Part B Insider (Multispecialty) Coding Alert

DIAGNOSTIC IMAGING:

Brace Yourself For 50 Percent Pay Cut On Multiple Imaging Procedures

CMS seeking comments on sharp pay reduction for radiologists

Radiologists could face an extra 2 percent decrease in payments next year if the Centers for Medicare & Medicaid Services gets the volume discount it's looking for.

In its 2006 physician fee schedule proposed rule, CMS says that it's considering instituting a 50 percent price cut for the technical component of multiple diagnostic imaging procedures. Medicare already has a 50 percent reduction for the second and subsequent surgical procedures on the same day, CMS notes. And the multiple procedure discount has applied to nuclear medicine since 1995.

When a practice performs multiple imaging scans on the same day, staffers save time because they don't have to perform certain activities more than once, CMS insists. These include greeting and escorting the patient, providing education and obtaining consent, fetching prior test results, setting  up the IV and preparing the room. And practices save on supplies when they do multiple scans, according to CMS.

But CMS isn't planning to apply a discount to the professional component of multiple imaging services because physicians have to do the same amount of work for each procedure.. And for now, CMS will only apply the discount to multiple imaging procedures involving body parts that are next to each other.

CMS estimates that radiologists would face a 2 percent decrease in their payments as a result of the multiple imaging discount.
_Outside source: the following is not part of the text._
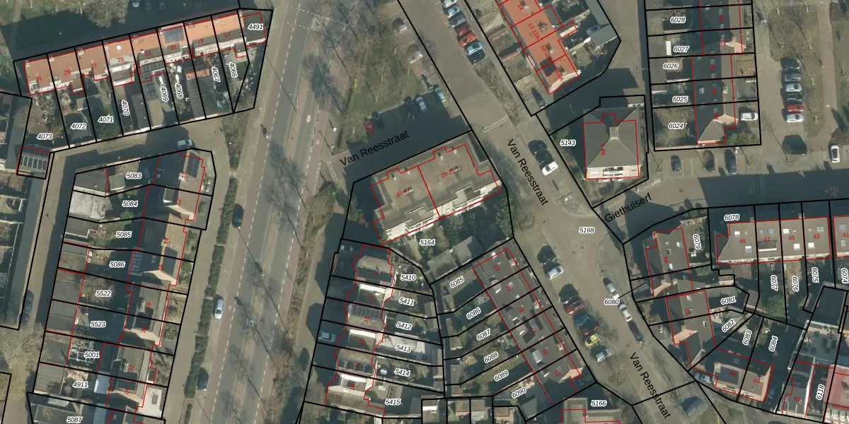Van Reesstraat 45 is gelegen op kadastraal perceel OTH01S5164. Deze kadastrale aanduiding is uniek en wordt gebruikt door het Kadaster om eigendomsrechten en andere zakelijke rechten vast te leggen. Het perceel maakt onderdeel uit van de kadastrale gemeente Oosterhout.
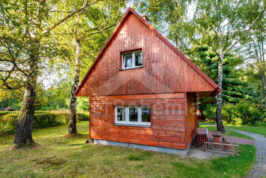 Volně stojící dřevěná chata s kapacitou 4 osoby, nacházející se v rekreačním areálu. V přízemí chodba s lednicí a skříní. Obývací pokoj s posezením a TV, na který přímo navazuje kuchyňka s plotýnkovým vařičem, varnou konvicí, nádobím a sprchovým boxem. WC a umyvadlo v samostatné místnosti. V podkroví 4 jednolůžka. Vytápění objektu elektrické. Venkovní posezení před chatou. Parkování pro jedno vozidlo na parkovišti cca 30 m od chaty zdarma (další za příplatek).

Other specialties, meanwhile, would reap small increases as a result of the discount.

Physicians don't necessarily save money every time they provide multiple imaging procedures on nearby body parts, says Marcy Sabin, radiology billing manager with Texas Hematology/Oncology. For one thing, if they do an MRI and CT scan of the arm, you have to move the patient to a different machine. And even with the same modality, you have to use the same amount of technician time, machine time and scanning time per procedure.
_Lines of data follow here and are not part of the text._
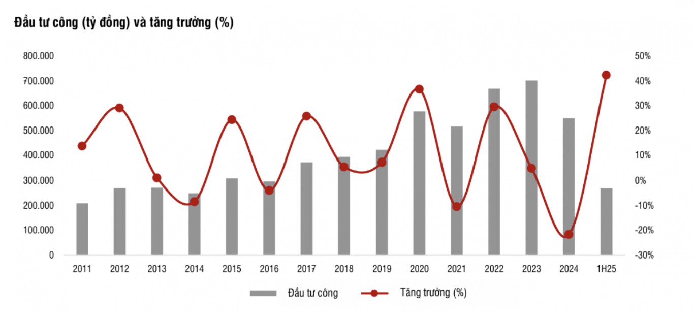 → Điều này cho thấy: dòng tiền đầu tư công không còn “nằm trên giấy”, mà đang thực sự chảy vào nền kinh tế, kích hoạt hàng loạt công trình.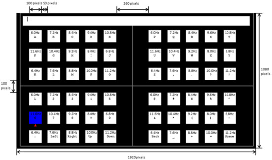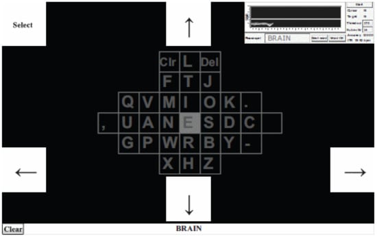 - Kick, C.; Volosyak, I. Evaluation of different spelling layouts for SSVEP based BCIs. In Proceedings of the 2014 36th Annual International Conference of the IEEE Engineering in Medicine and Biology Society, Chicago, IL, USA, 26–30 August 2014; IEEE: New York, NY, USA, 2014; Volume 2014, pp. 1634–1637. [Google Scholar]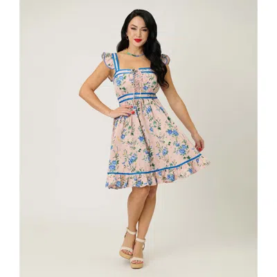 Angel Sleeve Downtown Scene Mini Fit & Flare Dress In Pink

There aren't really economies of scale in most parts of diagnostic imaging, agrees Joan Gilhooly, president of Medical Business Resources in Evanston, IL. The costs of the space, equipment, staff time, films and computer storage remain constant no matter how many imaging tests you perform. There may be some savings in bulk, but not 50 percent worth.

If a patient has three tests in one session, they'll take two hours total, says Sabin. But if the patient had the tests on different days, they'll take 45 minutes each, or a total of two hours, 15 minutes. "There's not much justification for Medicare to say we deserve to be paid less." If Medicare goes through with this rule, physicians will start bringing patients back on different days for separate scans, instead of doing them all at once, she predicts.